Go into Local Security Settings (click Start, Run, type SECPOL.MSC and hit enter) and click Local Policies, User Rights Assignment.
In the permission “Perform Volume Maintenance Tasks”, add your SQL Server service account (or a domain group if you use that). This enables SQL 2005′s Instant File Initialization, which lets SQL Server instantly grow data files without erasing the physical disk first. This is a huge performance gain for large databases like data warehouses and for cases when you need to suddenly grow a file out. This is a new server, so you’ll probably be creating and restoring databases as part of going live, so this switch will help. (If you’ve ever restored a database and it seems to take forever before it gets to 10% complete, this is why.)
In the permission “Lock pages in memory”, some companies prefer to add the SQL Server service account or domain group. In theory, this lets SQL Server keep all of its data in physical memory instead of swapping it out to disk. Configuring “Lock pages in memory” used to be a best practice. It’s not such a great idea anymore, especially for virtual machines: the host may come under real memory pressure in an emergency. Think about multiple simultaneous blade server failures – like if your blade chassis were to go down and all of the VMs were booted on another blade chassis. You’ll be overcommitted on RAM somewhere and you want SQL Server to give up memory to let other guests boot in an emergency. The other problem is that this setting only affects the buffer pool, but that’s not the only way SQL Server uses memory. Bottom line – this isn’t such a good setting to use by default anymore on new boxes.
If the SQL Server uses SAN storage….
Update the HBA firmware. Downlevel HBA firmware has caused me all kinds of nasty problems, especially in clustered servers. Generally, these updates can’t be done online while the server accesses data, so it’s better to get the code up to date before the box goes into production. For HP servers, this firmware isn’t shown in the System Homepage: install Emulex HBAnyware on the server instead, and it will flash the HBAs inside of Windows without a reboot. HBAnyware is available in the HP Support site by searching for downloads for the HBA’s part number instead of the server’s part number. This is the only driver/firmware at HP that works this way.
Set up multipathing drivers. Sometimes this is done by the storage team, but the DBA should get involved enough to understand whether the multipathing is active/active or just failover.
Test the multipathing & failover. Start a huge file copy to each array, and do them all simultaneously. Go into the datacenter and pull one fiber cable out. Watch to make sure the file copy continues. Some SAN drivers will take 10-15 seconds to fail over, but the file copies should not be disrupted, period. If they’re disrupted, the multipathing didn’t work. Then plug the cable back in, and pull another cable. Again, the file copy should continue. Finally, while a file copy is running, ask the SAN admin to disable one of the SAN zones for the server – that way, the fiber cable will still be lit up, but the path to the storage will be gone. (This is a tougher failover method than just pulling the fiber.)
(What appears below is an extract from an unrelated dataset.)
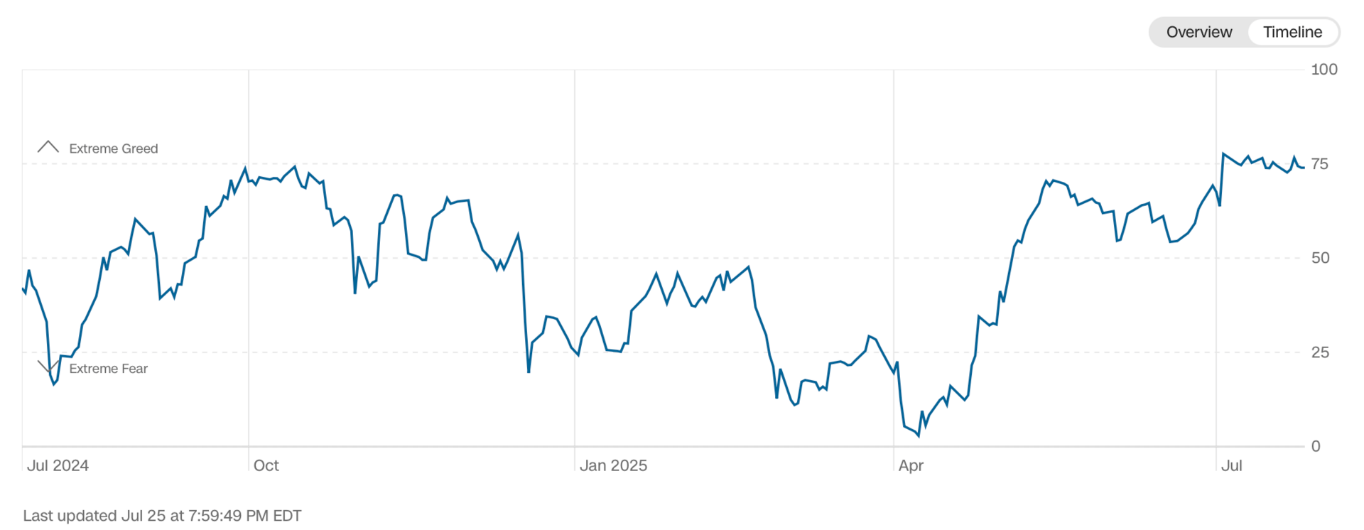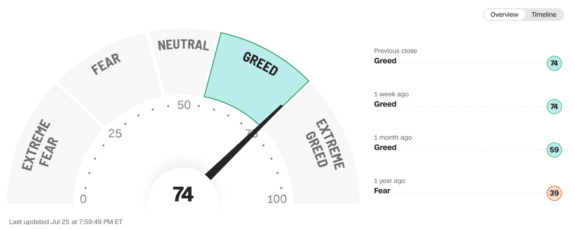 Market Greedy = Potential Over Valuation. (buy puts/sell calls/sell shares)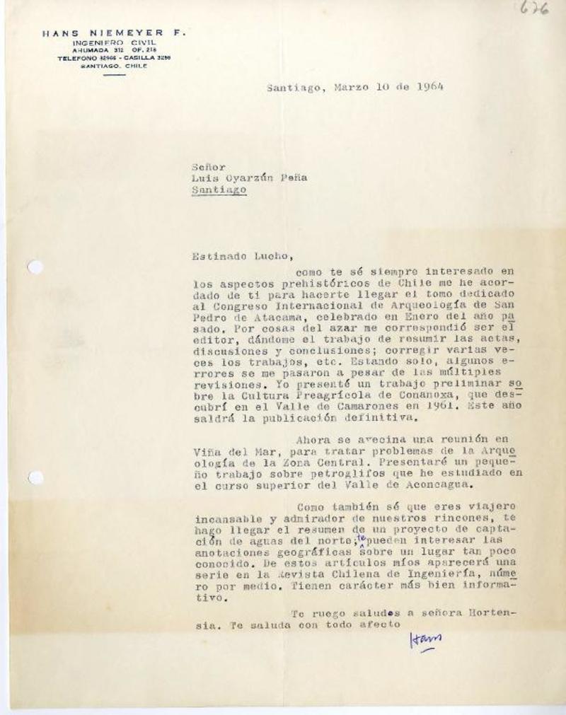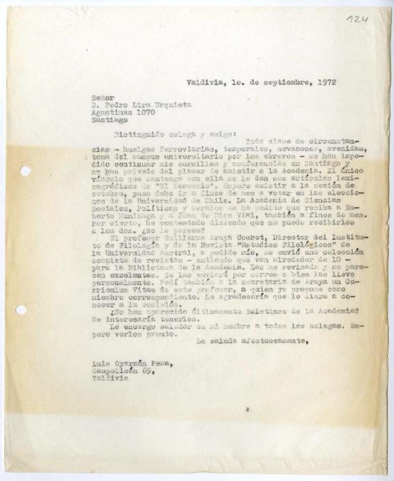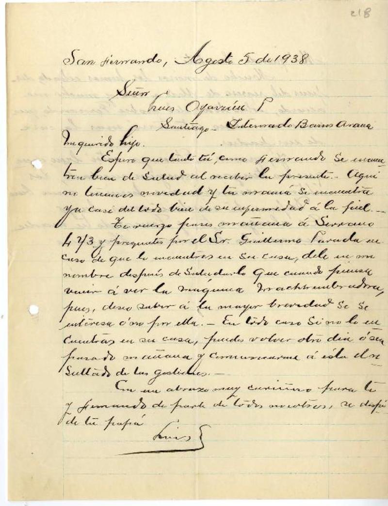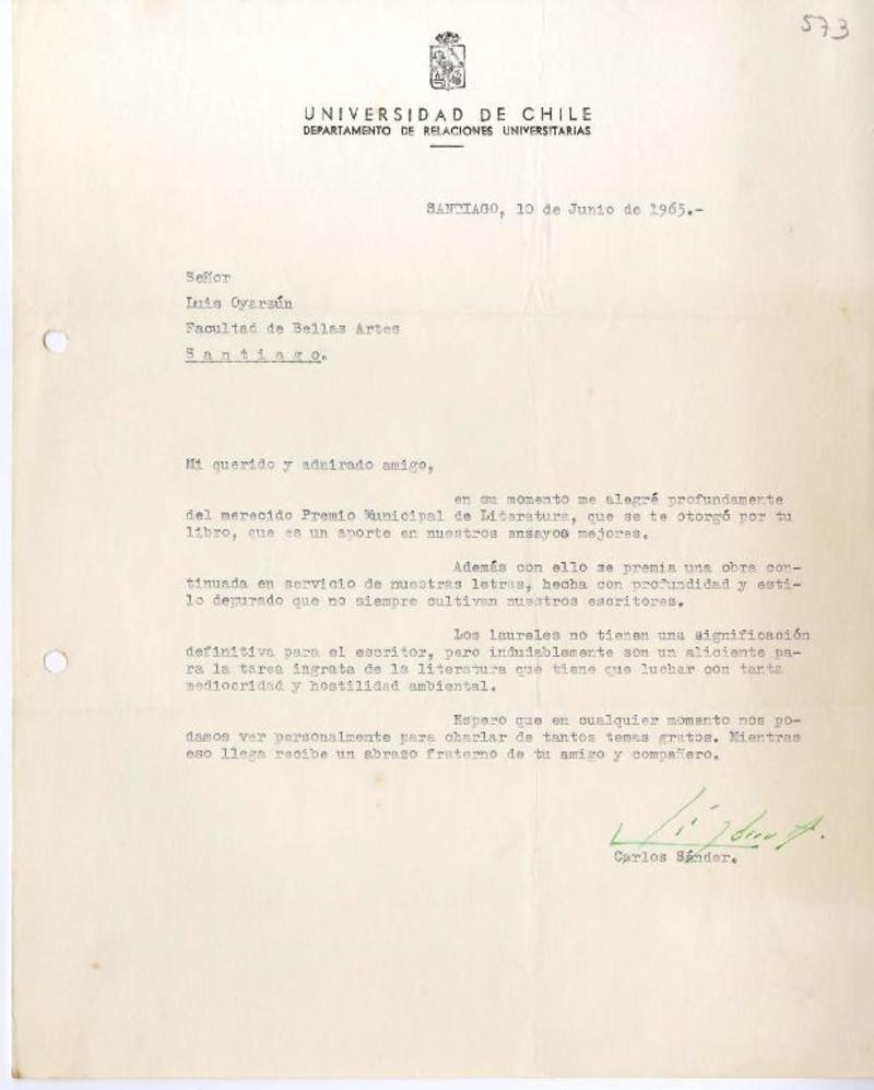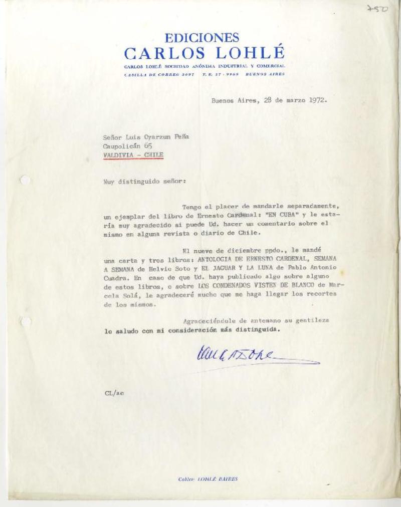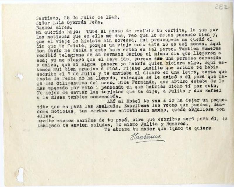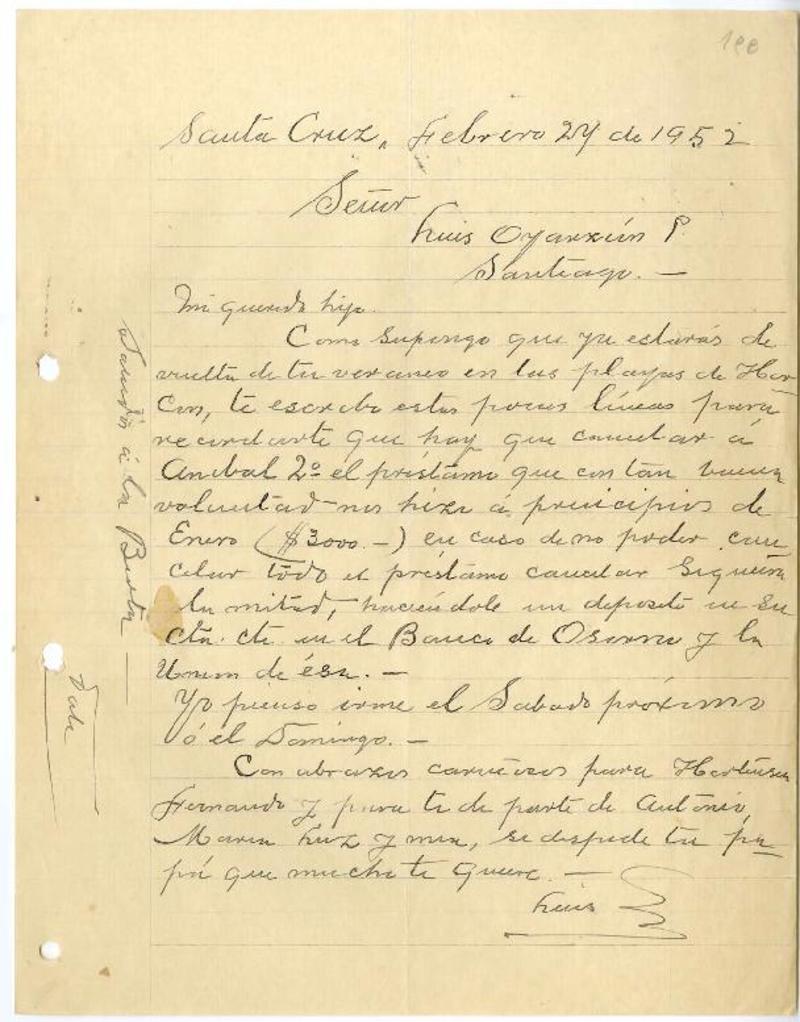 A Luis Oyarzún [manuscrito] Hortensia Peña.

If the SQL Server uses iSCSI storage….
Set up multipathing. Database servers can’t rely on one single network connection for iSCSI any more than a fiber-connected SAN can rely on one single host bus adapter. Ideally, two (or more) network cards will be connected to two different switches for redundancy, but at the very least, we need two network cards dedicated to iSCSI storage. The multipathing method can be active/active (meaning 2 gigs of throughput for two 1 gig nics) or active/passive. Teamed network cards are not supported by Microsoft for iSCSI.
Test the multipathing. In my experience, I’ve usually seen active/passive on a per-array basis – meaning, if you have two different iSCSI drive letters, then themultipathing drivers will put each drive on its own network card. The EMC and LeftHand multipathing appears to do this by default. Start multiple simultaneous drive copies and go into Task Manager, in the Network tab. Look at the bandwidth used by each network card. If a network card is sitting idle, then you’re leaving performance on the table. Now is the time to tweak the multipathing software and ask questions of the vendor – it’s easier to troubleshoot file copy performance than it is to troubleshoot SQL Server performance.
Test the failover. As with the fiber cable testing, start multiple simultaneous file copies to/from the network drives and pull one network cable out. If the file copy fails (if Windows throws an error) then SQL would have crashed. Tweak the teaming software until it can fail over seamlessly, and ideally it should fail over back and forth and go back to higher bandwidth levels as the networks come back online.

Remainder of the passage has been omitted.